I Ching: un libro millenario che ancora ci riguarda

I Ching

I Ching 2

Sono diversi i nomi con cui è chiamato: I Ching, yi jing, i king. Certo è che si tratta di un antichissimo testo cinese. Che parla di noi.

I due ideogrammi che formano l’espressione I Ching fanno sì che venga chiamato “Libro dei mutamenti”. Espressione che richiama il tutto scorre di Eraclito. E probabilmente il testo cinese vuole aiutarci ad essere più consapevoli di ciò che scorre anche all’interno di ognuno di noi.



L’origine dell’I Ching:

Dare una datazione all’I Ching non è semplice. Le sue origini spesso si perdono agli albori stessi della storia. Si può addirittura far risalire la sua origine a Fu Xi, il mitico fondatore della civiltà cinese. Ma il testo nel tempo ha vissuto cambiamenti ed arricchimenti dati dallo stesso Confucio con l’aggiunta di suoi commenti e riflessioni.
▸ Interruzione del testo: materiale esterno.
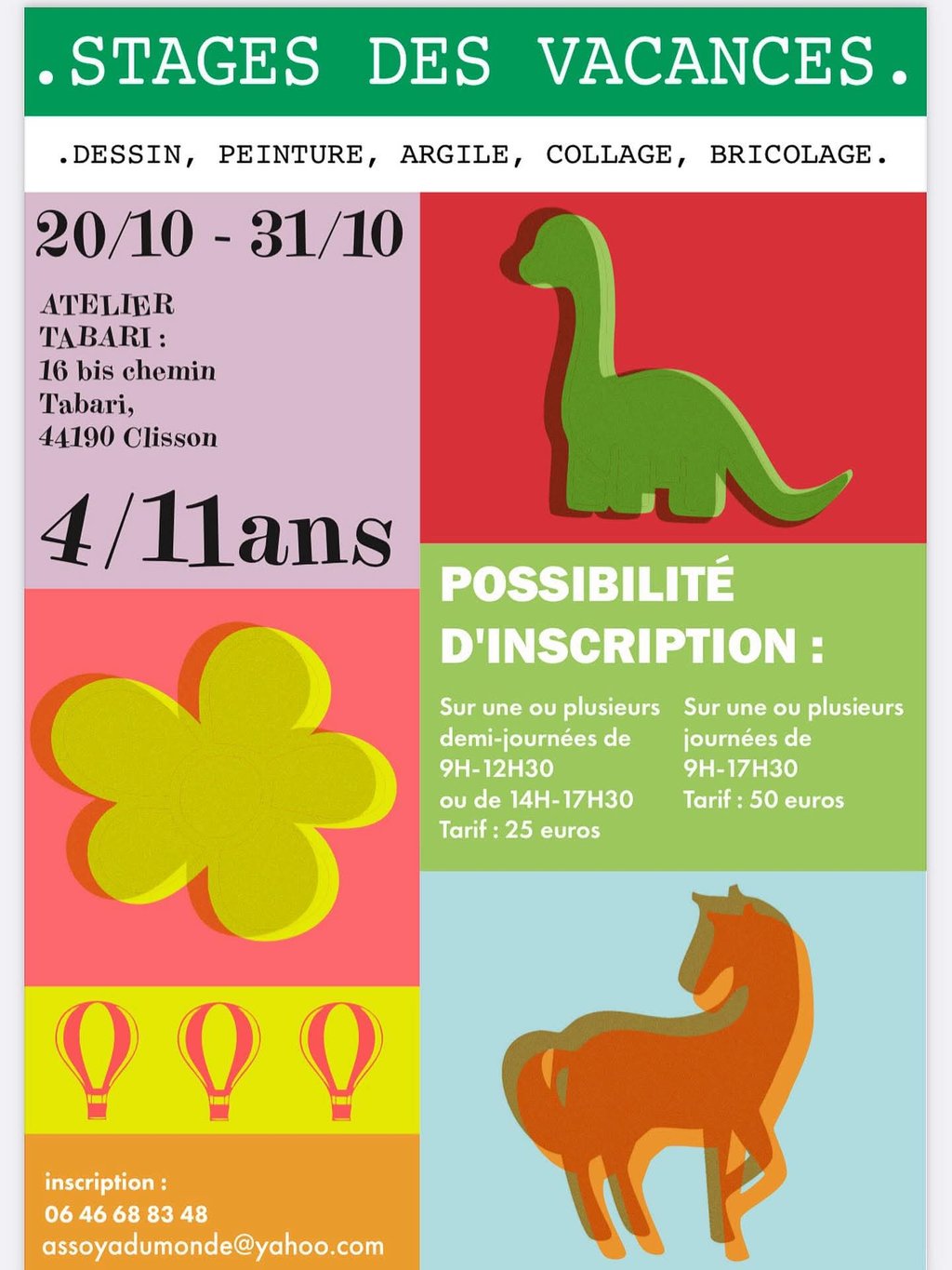 Ateliers de loisirs artistiques organisés par l'atelier Tabari (16bis chemin de Tabari, 44190 Clisson)

L’I Ching è essenzialmente un testo oracolare, ma non così semplice da consultare. Una modalità – forse ad oggi la più conosciuta – è l’utilizzo delle tre monete.

Al termine dei lanci delle monete si avrà un esagramma. Gli esagrammi possono essere considerati come “situazioni archetipiche” nelle quali possiamo trovarci. Nel testo sono 64.

Ma ciò che nasconde l’antico testo, va al di là di ogni credenza o superstizione. Ed è ciò che lo rende un libro che ancora ci parla.

Il testo è giunto in Occidente già ad inizi del 1700, grazie al filosofo e matematico tedesco Gottfried Wilhelm von Leibniz, il quale vedeva nel libro cinese un richiamo all’aritmetica binaria.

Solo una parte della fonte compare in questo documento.